June is my favourite month.

It’s the month of fresh strawberries. It’s when school lets out (I’m 27 and I still remember how good that feels). Ice cream cravings start. And the best part? There are still two more delicious months of summer to look forward to.

In June, all I want to do is bake with berries.

June is when strawberries make their appearance for the season. As well as cherries. Blueberries and raspberries are more common in July and August.

This is the best season for working fresh, locally-sourced berries into your baking.

Of course, not everyone has the time to scour the market for fresh berries and, let’s get real, they can be a bit pricy. That’s why I made this batch with a bag of Welch’s Frozen Berries I picked up on sale.

They most definitely did the trick. The berries you use are totally up to you. They would be so delicious with a bright layer of strawberry, raspberry jam!

These Wildberry Cheesecake Crumb Bars are layer upon layer of gorgeous, summery goodness.

They combine juicy mixed berries (that don’t have to be fresh!), creamy cheesecake and a crisp, crumbly layer on the top and bottom to sandwich the whole thing together.

It may look like a lot of work, but this is very much a “set it and forget it” recipe. The berry jam doesn’t require a lot of watching on the stovetop and you don’t need to use a food processor to make the dough. If you have a pastry cutter – that’s good enough!

This is a big batch recipe.

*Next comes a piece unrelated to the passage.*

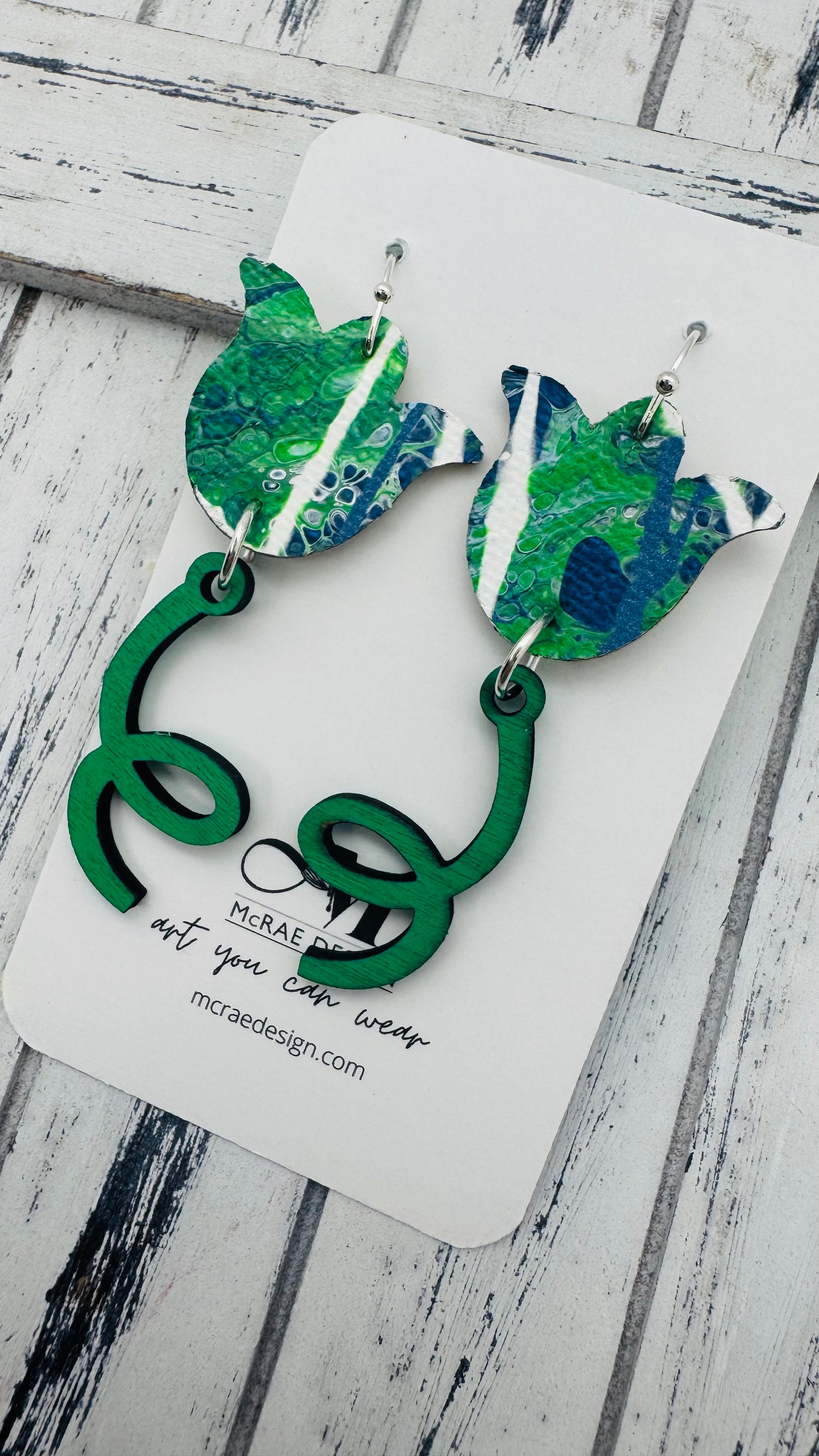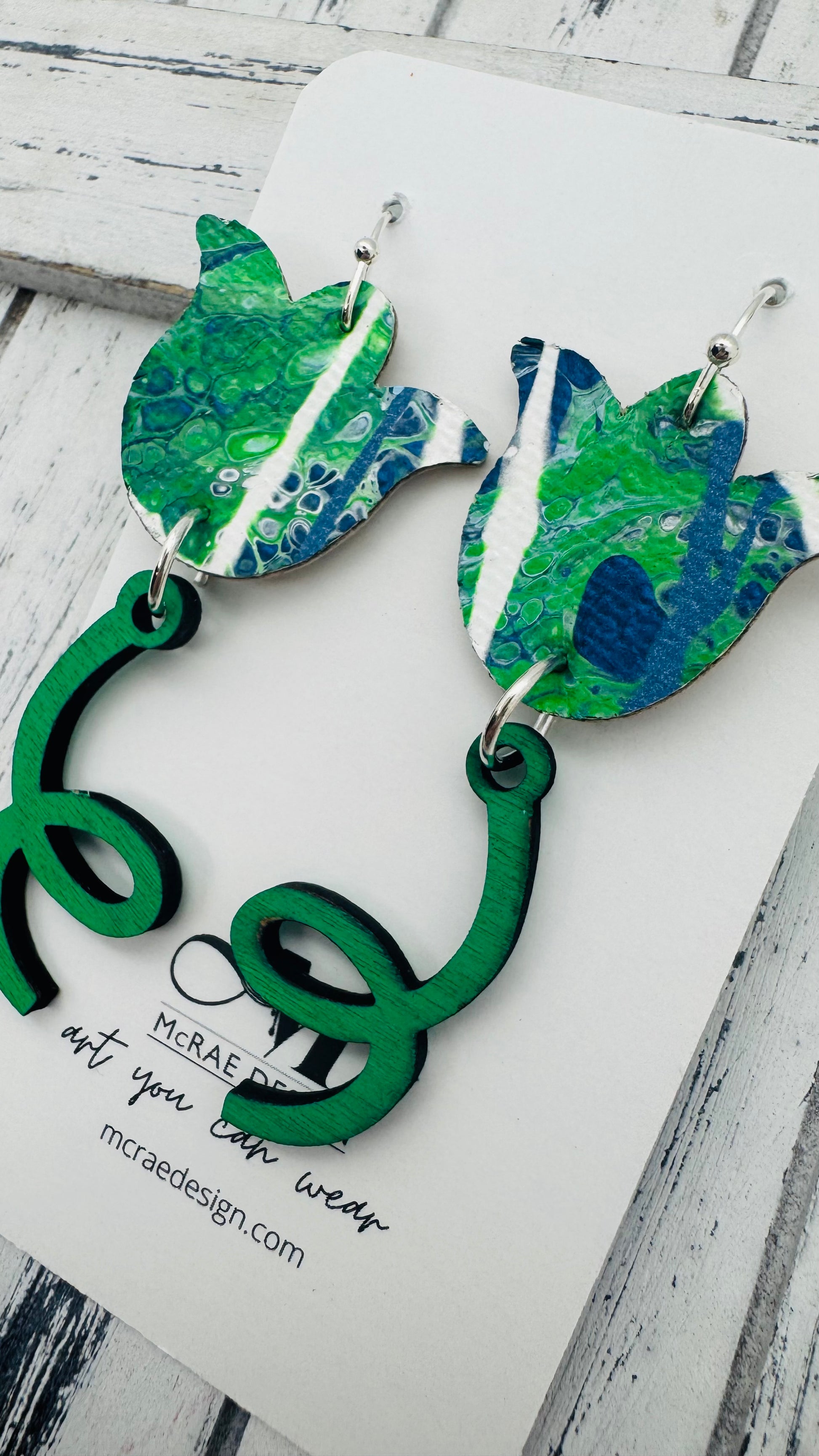 Meet Surfer Girl — a dreamy, salt-kissed collection of wearable art inspired by the shimmer of ocean waves and the nostalgia of endless summer days. Every pair begins as a hand-painted canvas, then carefully cut into oceanic silhouettes like mermaid tails, turtles, and sand dollars. With metallic navy blues, vibrant kelly greens, soft Carolina blue, and bright whites, these earrings echo the rhythm of tides and the sparkle of sunlight on the sea.

We’re talking generous, dessert-sized slices to enjoy.

Can’t you just see them arranged on the picnic table at your next cookout? This is the stuff of my summer daydreams.

Wishing you all the most spectacular June. Savour it. Summer ends much too fast.

Have a great weekend!


Wildberry Cheesecake Crumb Bars
Serves 24 large pieces 

Wildberry filling 
1 bag of frozen berry blend (600 grams or about 4 cups)
1/4 cup sugar
1/4 cup water
2 tbsp corn starch
2 tbsp lemon juice

Cheesecake filling
12 oz room temperature cream cheese (I used light)
2 eggs
1 tsp vanilla
1 tbsp lemon juice

Crumb layer 
3/4 cup white sugar
1 tsp baking powder
3 cups white flour
1 tsp salt
1 cup cold butter, cubed
1 egg


  1. In a medium-sized pot, combine your berries, sugar, water, corn starch and lemon juice. Turn the burner to low, stirring occasionally until the mixture is thick. Crush down larger berry pieces with a fork. Set aside to cool as you prepare the rest.
  2. Preheat the oven to 350°F. Line a 9 x 13 baking pan with parchment paper or grease well. In a large bowl, combine your dry ingredients for the crumb layer. Cut in butter and egg using a pastry cutter or a food processor if you prefer. Press 2/3 of the mixture into the bottom of your pan. Bake for 10 minutes and set aside.
  3. Prepare your cheesecake layer by combining all of the ingredients until creamy. They will be somewhat liquidy.
  4. Pour the cheesecake layer over the crumb base. Top that with the berry layer. Sprinkle remaining crumb topping over the top evenly. Place in the oven and bake for roughly an hour. Check it at 50 minutes to ensure you don’t overcook. The topping with be golden and the squares should jiggle slightly, but not enough that they seem like they will slide out of the pan.
  5. Set aside to cool completely. I cooled mine overnight before cutting. Store in the fridge and enjoy!